I continue to think the most effective thing to do is to not think about this in terms of “splitting” and instead look for specific, well-defined components that could be extracted and layered above support.
I was pretty happy with extracting a BinaryFormat library for example. Here, because we gained a clear role and scope for the library, improved organization was a compelling motivation. But I don’t see any arbitrary split as particularly better or less well organized, and based on the previous arbitrary split (ADT vs. Support) I suspect we will continually put new things into the wrong location or want to move things across the boundary.
So I kind of come back again to my original question: what problem are you trying to solve? I can guess at a few things, but probably will be wrong… my guesses:
- Better organization of code & libraries
- A technical incompatibility like removing global constructors
- Reducing the size of tools using the library
For #1: I continue to think finding clearly defined components to extract is the best approach here. I suspect we’ll be left with essentially a replacement for facilities that one might expect to find in a standard library, and I suspect that’s about the best we can do.

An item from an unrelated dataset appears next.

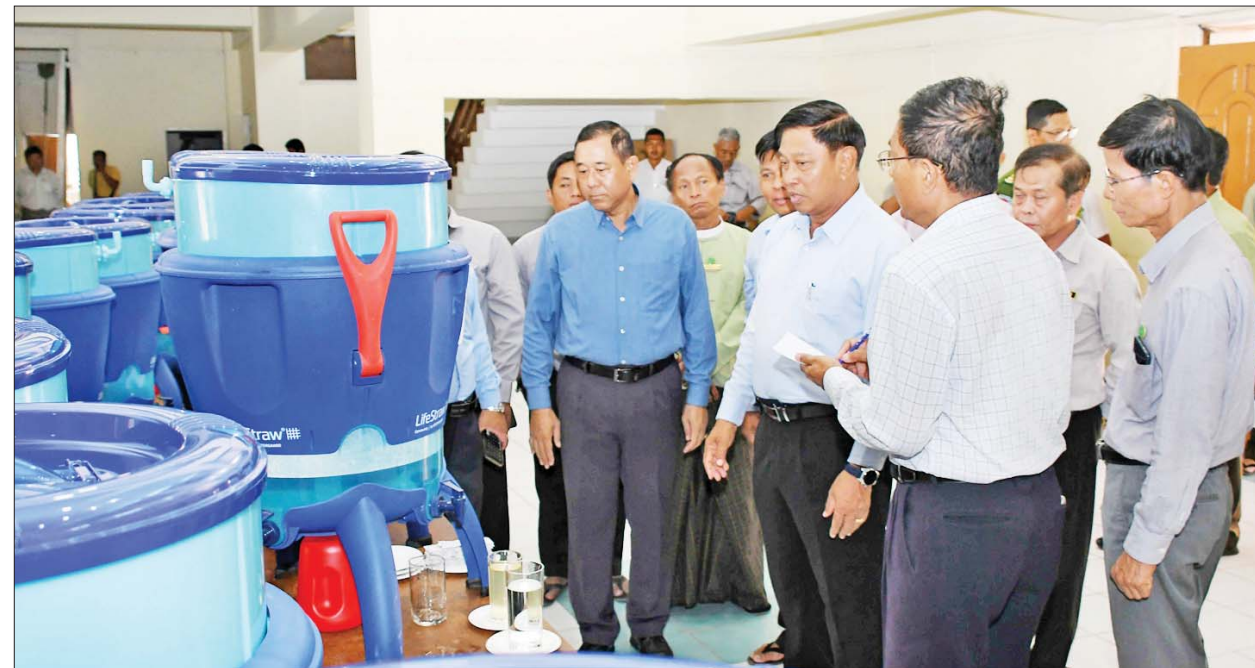
နိုင်ငံတော်စီမံအုပ်ချုပ်ရေးကောင်စီအဖွဲ့ဝင် ဒုတိယဝန်ကြီးချုပ်နှင့် ပြည်ထောင်စုဝန်ကြီး ဗိုလ်ချုပ်ကြီးတင်အောင်စန်းနှင့်အဖွဲ့ လှုပ်စစ်ဓာတ်အားသုံးစွဲရန်မလိုဘဲ ရွှေ့ပြောင်းသယ်ယူအသုံးပြုနိုင်သည့် Life Straw ရေသန့်စင်စက်များကို ကြည့်ရှုစစ်ဆေးစဉ်။

မြို့နယ်များသို့ပေးပို့ရန် သယ်ယူပို့ဆောင်နေမှုကို ကြည့်ရှုစစ်ဆေးကာ ပစ္စည်းသယ်ယူမှု ပိုမိုမြန်ဆန်ရေး လိုအပ်သောအင်အား ထပ်မံဖြည့်တင်းဆောင်ရွက်ရန် စီစဉ်မှာကြားခဲ့သည်။ ရှင်းလင်းတင်ပြထို့နောက် ဗိုလ်ချုပ်ကြီး တင်အောင်စန်းနှင့် အဖွဲ့သည် စစ်တွေမြို့ ခုတင်(၅၀၀)ဆို့ ပြည်သူ့ဆေးရုံကြီး၌ ဆောက်လုပ်ရေးဝန်ကြီးဌာန ဒုတိယဝန်ကြီးနှင့် ကျန်းမာရေးဦးစီးဌာန ညွှန်ကြားရေးမှူးချုပ်တို့က ဆေးရုံကြီးအား ပြန်လည် ပြုပြင်ပြီးစီးမှုနှင့် ဆက်လက်ဆောင်ရွက်မည့် အစီအစဉ်များကို ရှင်းလင်းတင်ပြကြရာ ထပ်မံလိုအပ်သည့်သွပ်ပြားများဖြည့်ဆည်းပေးပြီး ဆေးရုံအား အမြန်ပြုပြင်ပြီးရေးနှင့် သူနာပြုသင်တန်းကျောင်း ပျက်စီးမှုများကို လည်း အမြန်ပြုပြင်ကာ ရပ်နားထားသောသင်တန်းများ ပြန်လည် ဖွင့်လှစ်နိုင်ရေး ဆောင်ရွက်ရန် မှာကြားသည်။

For #2: This would be awesome. I would probably approach it by trying to extract libraries that actually need global constructors into separate libraries that document this requirement. My suspicion is that these are very few and far between.
For #3: I don’t understand why this matters – dynamic linking shouldn’t care, and static linking should drop the unused code. But if this isn’t working for some reason, I’m totally down with solving it, but the first step is probably to understand the specific issue being hit.
Anyways, mostly guessing at this to make sure we make progress. Don’t want to just be obstructionist here, I’m just genuinely trying to find the best path forward.